They may still be the biggest employers in town, but Frankfurt's banks have been renting less and less office space in the German banking metropolis. At a presentation of a new study last week in Frankfurt by advisors Cushman & Wakefield, attended by REFIRE, it is clear that that trend is set to continue. What's not at all clear is whether representatives from other industries will be able to pick up the slack, in a city which has traditionally had a high level of office vacancy.
C&W forecasts that the amount of space occupied by banks will decline from the current 1.5 million sqm to just under 1.2 million sqm in 2026. This represents a decline of around 13% to a 10% share of Frankfurt's total office space. As recently as 2000, banks occupied 19% of all available office space in the city.
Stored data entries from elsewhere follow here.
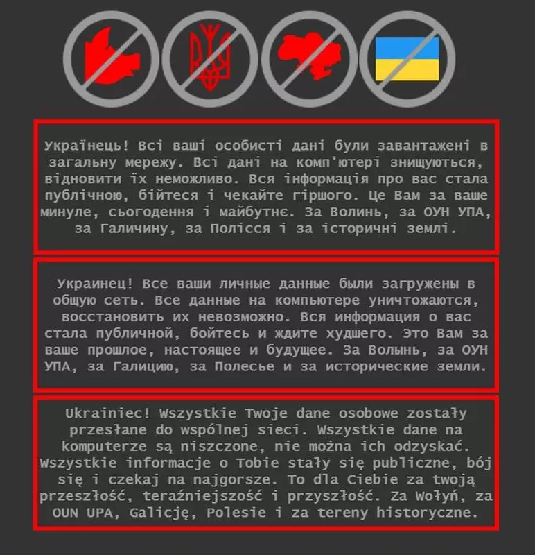 Unbekannte Hacker hinterließen auf den Seiten der Abteilungen eine Nachricht auf Ukrainisch, Russisch und Polnisch, deren Inhalt im Screenshot unten zu finden ist.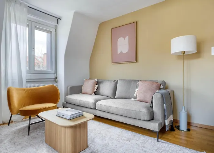 La résidence est situé dans le quartier "Wipkingen", à environ 2 km de la Église Liebfrauen. Le domicile de 80 m^2 est à côté de marche du Musée du design de Zurich.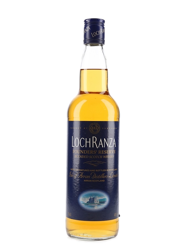 A bottle of Lochranza Founders' Reserve Blended Scotch Whisky. This was bottled for those who invested in the Arran distillery when it first opened in 1995 and contains a high proportion of Arran malt.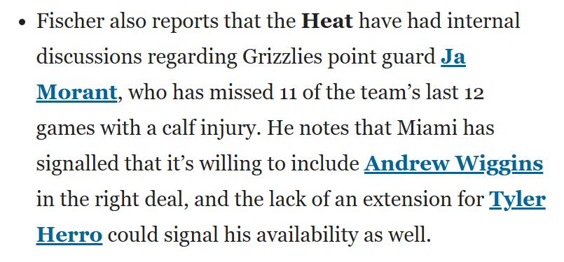 除了是字母哥的潛在新東家外,Fischer透露熱火內部已開始討論格林隊後衛莫蘭特,後者因小腿傷缺席球隊近12場比賽中的11場。Fischer指出,熱火已釋出信號,願意將維金斯納入合適的交易方案,而希羅至今尚未完成續約,這也可能意味著他已被列入球隊的可交易名單。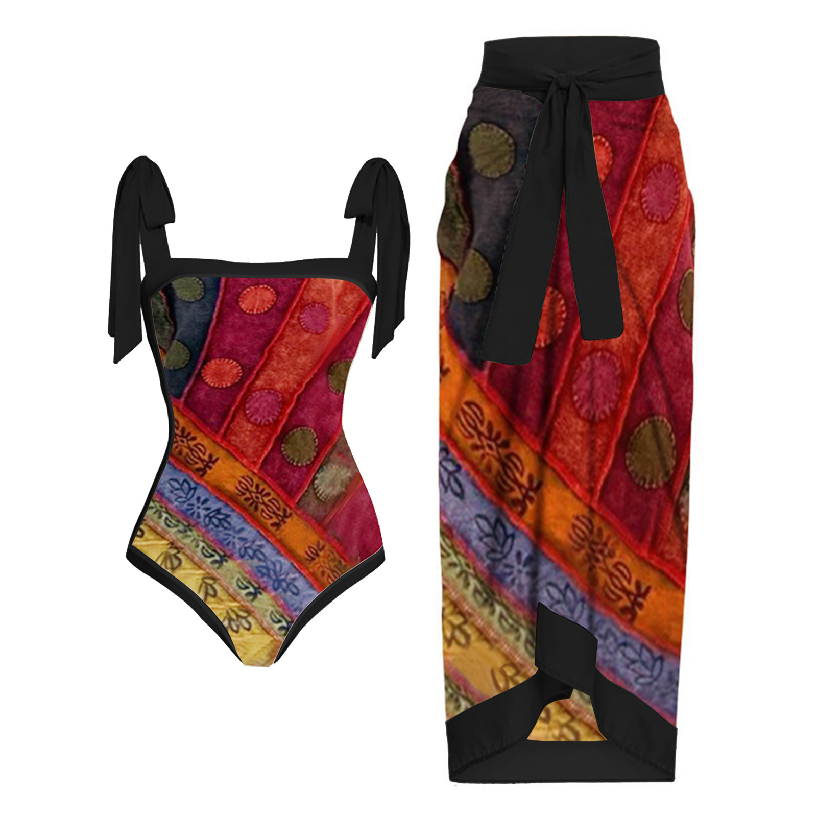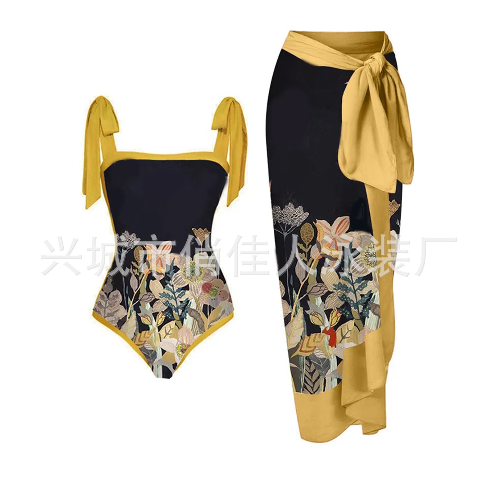 2023 새로운 섹시한 원피스 수영복 여자의 유럽과 미국 비키니 레이스 업 수영복 세트 원피스 쉬폰 비키니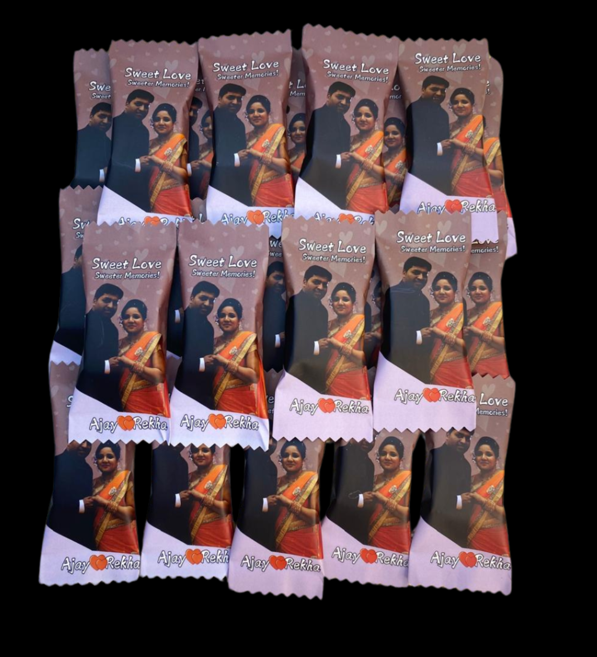 - Edible Printing: We use high-quality edible ink for printing, making it completely safe for consumption. The chocolates feature a dual-layer design— a smooth white chocolate top and a rich dark chocolate base.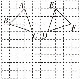 13 [2025昭通期中]如图所示的正方形网格中,每个小正方形的边长都为1,△ABC,△EFD的顶点都在网格线的交点上,在图中建立平面直角坐标系xOy,使△ABC与△EFD关于y轴对称,点C的坐标为(-1,1)。

It's been in steady decline since then.
Pierre Nolte, head of office agency for C&W in Frankfurt, said that in addition to tracking the decline over the last years, the forecasts through to 2026 "are based on already known lettings, location relinquishments and applications on the market, as well as the plans of individual financial institutions, as far as can be ascertained." The two heavyweight banks, Deutsche Bank and Commerzbank, are alone set to reduce their office requirements by a further 35% by 2026.
Laura Müller, associate director Research at C&W Deutschland, said the loss of the banking space would only be partially compensated for by other tenant groups. Higher vacancy rates lie ahead, she said, although it was unlikely we would revisit the 17% vacancy rate at the peak in 2004. Vacancies will become highly differentiated across office types and locations. High-quality office space in the best business locations will remain in demand. Properties with poorer ESG ratings, or difficult locations, are going to have problems.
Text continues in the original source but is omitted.